AI Product Design

AI Empty States

How to design the zero-state in AI-powered products — when there is no history, no output, and no data. The empty state is the first impression and the primary onboarding moment.

#empty state#zero state#ai onboarding#first run#ai ux#blank state

What is it?

An AI empty state is the UI presented to a user who has no conversation history, no AI-generated content, and no prior interaction with the AI feature. It is the starting point for every new user and the re-entry point after clearing history.

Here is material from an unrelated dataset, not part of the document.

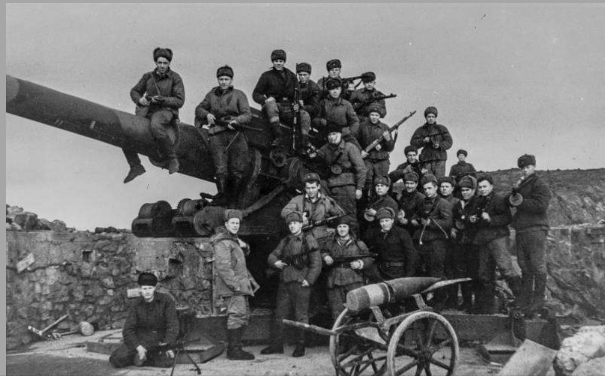
Бойцы 12-й бригады морской пехоты Северного флота

Успешно наступали и другие соединения фронта. На левом фланге 126-й легкий горнострелковый корпус успешно совершил глубокий обход по труднодоступным местам позиций и вышел в район западнее Луостари. Здесь немцы имели только очаговую оборону, полагаясь на неприступность болотисто-речной местности, лишённой не только дорог, но и троп. Советским солдатам приходилось форсировать ледяные водные преграды и карабкаться по скользким гранитным скалам.

Unlike traditional empty states (which might show a simple "No items yet"), AI empty states must also communicate capability, invite engagement, and set expectations.

Why it matters

The AI empty state is the single most important screen in an AI product. It is the first thing every new user sees. It must simultaneously communicate: "Here is what I can do," "Here is how to start," and "Here is what good results look like." Products that present a blank input box with minimal context have dramatically lower activation rates than products that guide users into their first successful interaction.

Best Practices

  • Show capability through curated example prompts, not just a text description. Concrete examples communicate ability better than abstract descriptions.
  • Include 3–6 starter prompts that represent the most valuable, most reliable use cases for the AI in this product context.
  • Use the empty state to demonstrate the output format — if the AI produces structured reports, show an example report structure.
  • Include a capability statement that also implies limits: "Ask me anything about your codebase" (scoped) vs. "Ask me anything" (overpromises).
  • Make the starter prompts clickable — tap to populate the input and submit immediately, not just to populate the input for manual editing.
  • Vary starter prompts by user context or role where possible — a marketing user and an engineer have different valuable use cases.
  • Keep the empty state visually engaging but not distracting. The primary goal is to get the user to submit their first prompt.
  • Include a brief, single-sentence statement of what the AI is and is not (not a full help document).

Common Mistakes

  • A blank input box with only "Ask a question..." as context — maximum user uncertainty, minimum activation.
  • Overpromising in the empty state: "I can do anything!" followed by limitations discovered painfully.
  • Example prompts that are too generic to be useful: "Write an email" (for what? to whom? in what context?).
  • Starter prompts that don't reflect the most reliable model capabilities — if they fail, trust is damaged immediately.
  • Empty states that require scrolling to see the most important content — the call to action should be immediately visible.
  • Not updating empty states as AI capabilities expand — stale examples underrepresent current capability.

Checklist

Research & Theory

First-Run Experience and Activation (Intercom research)

Research across SaaS products consistently shows that users who reach their "first value moment" within the first session have dramatically higher 7-day retention.

Why it's relevant

The AI empty state is the primary activation gate. Getting users to their first successful AI interaction is the most important conversion point in the product.

Paradox of Choice in AI Prompting

Users presented with a blank AI input have infinite choices, which causes decision paralysis. Offering 4–6 concrete options dramatically reduces time-to-first-prompt.

Why it's relevant

Starter prompts are not a crutch — they are the application of Hick's Law and Choice Architecture to the most critical user interaction.

Real-World Examples

Perplexity

Home screen shows focused starter categories (Writing, Coding, Research, Finance) with specific example queries inside each. Visual differentiation from search. Immediate access without login.

Claude (Anthropic)

Clean empty state with example capabilities shown as clickable suggestion pills. Categories match actual strengths: analysis, coding, writing, Q&A. New conversation shows fresh suggestions.

Copilot (Microsoft)

Context-aware empty states that change based on the host application. In Word, suggestions are writing-focused. In Excel, suggestions are data analysis-focused. Capability is surfaced in context.